New Delhi: Reliance Industries has surrendered 14 blocks back to the government after incurring an expenditure of Rs1,400 crore in unsuccessful exploration.
RIL had in the New Exploration Licensing Policy (NELP) rounds won 45 blocks and of these it has surrendered 14 blocks back to the government as it could not find commercially recoverable oil and gas, sources close to the company said.
The company has invested over Rs13,200 crore in exploring oil and gas and their appraisal in the 45 blocks but made commercial discoveries only in two blocks - KG D6 in Krishna-Godavari basin and NEC-25 in Mahanadi basin.
Sources said RIL cannot recover the Rs1,400 crore expenditure it incurred on seismic surveys and drilling wells in the 14 blocks and that would be treated as sunk or lost investment.

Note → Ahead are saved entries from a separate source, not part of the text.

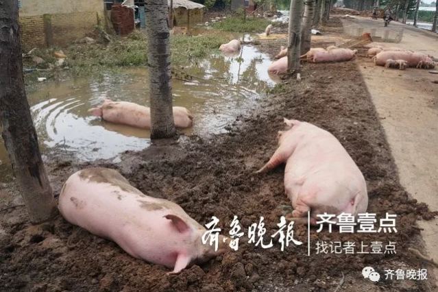 壽光上口鎮廣陵村,十數頭豬躺在水溝旁,雖被及時救出,但已有氣無力 圖源:齊魯晚報
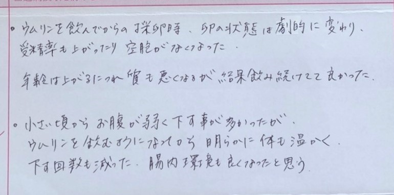 小さい頃からお腹が弱く下す事が多かったが、ウムリンを飲むようになってから明らかに体も温かく、下す回数も減った。腸内環境も良くなったと思う。
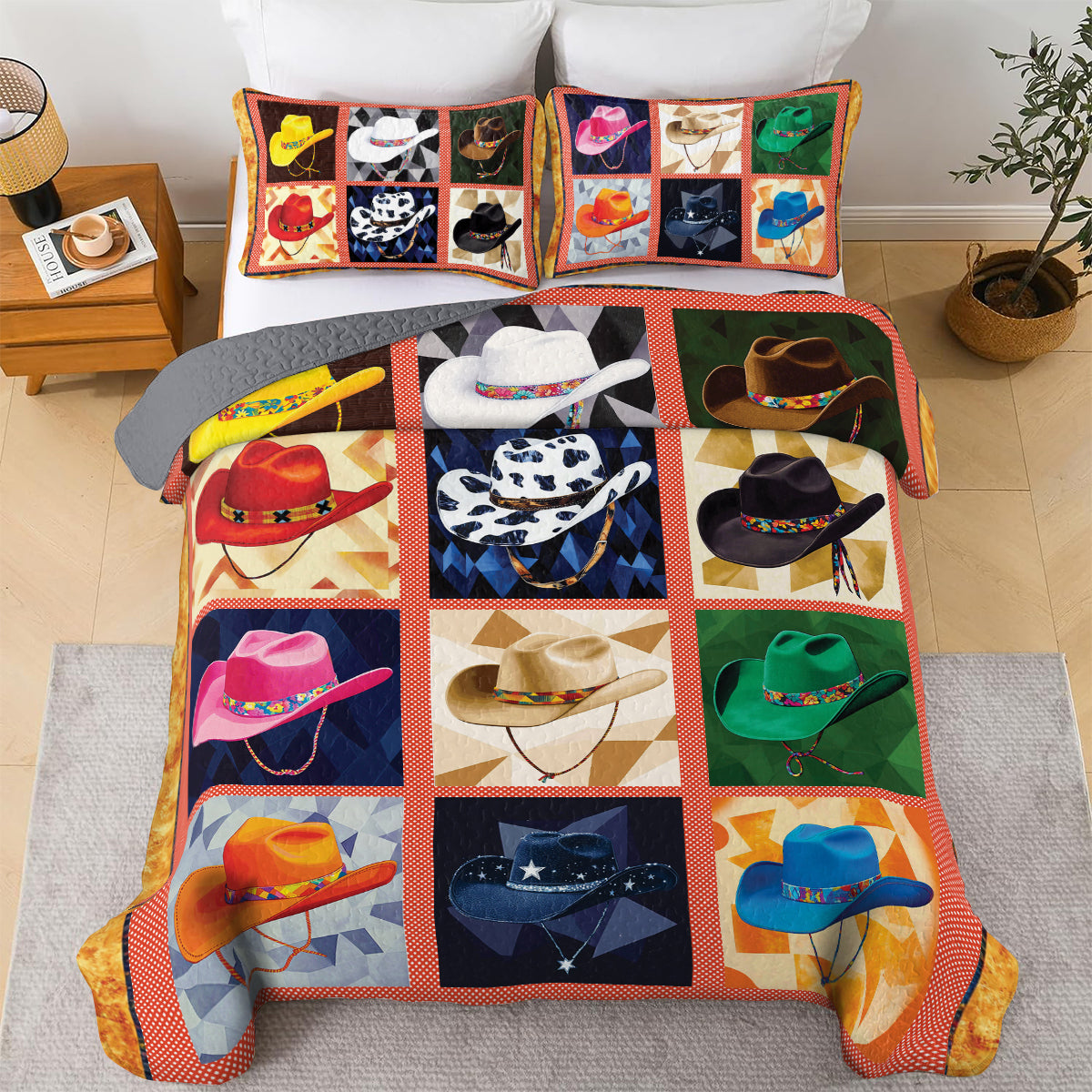 Shineful All Season Quilt 3-Piece Set - Colorful Cowboy Hat

Exploration and production is a highly risky business and end results of the efforts are not known, and under the NELP regime the operators can recover their investment from sale of oil and gas only in blocks where they discover commercial hydrocarbons and the same in the rest are simply lost.
In the KG D6 block alone, RIL has committed about Rs38,000 crore till date of which Rs28,000 crore have been already spent, they said.
RIL has put on production one oil find and two of the 18 gas discoveries in KG D6. Its plans for nine satellite finds in the block as well as six discoveries in NEC-25 are yet to be approved.
Sources said the rate of return of for companies investing in exploration/appraisal and development of a gas field cannot be estimated with any degree of certainty.
The exploration and appraisal expenses which do not result in a commercial discovery have to be written off altogether unless a contractor is able to recover these from the proceeds of sale of gas from the field or the block where exploration/appraisal does lead to commercial discovery.
Explaining the nature of uncertain and risk laden exploration and production business, they said even after reaching the stage of commercial production, the behaviour of a producing gas field and the recoverable reserves therein cannot be predicted to a degree of certainty even with the help of latest technology.
There are no remedial measures available and there is nothing that a contractor can do if the field does not produce the gas at the rate or to the extent anticipated previously.
The costs and profits of Exploration and production companies cannot be based on individual blocks but has to be looked from a portfolio point of view, where the cost of production by such portfolio approach can be significantly higher, they added.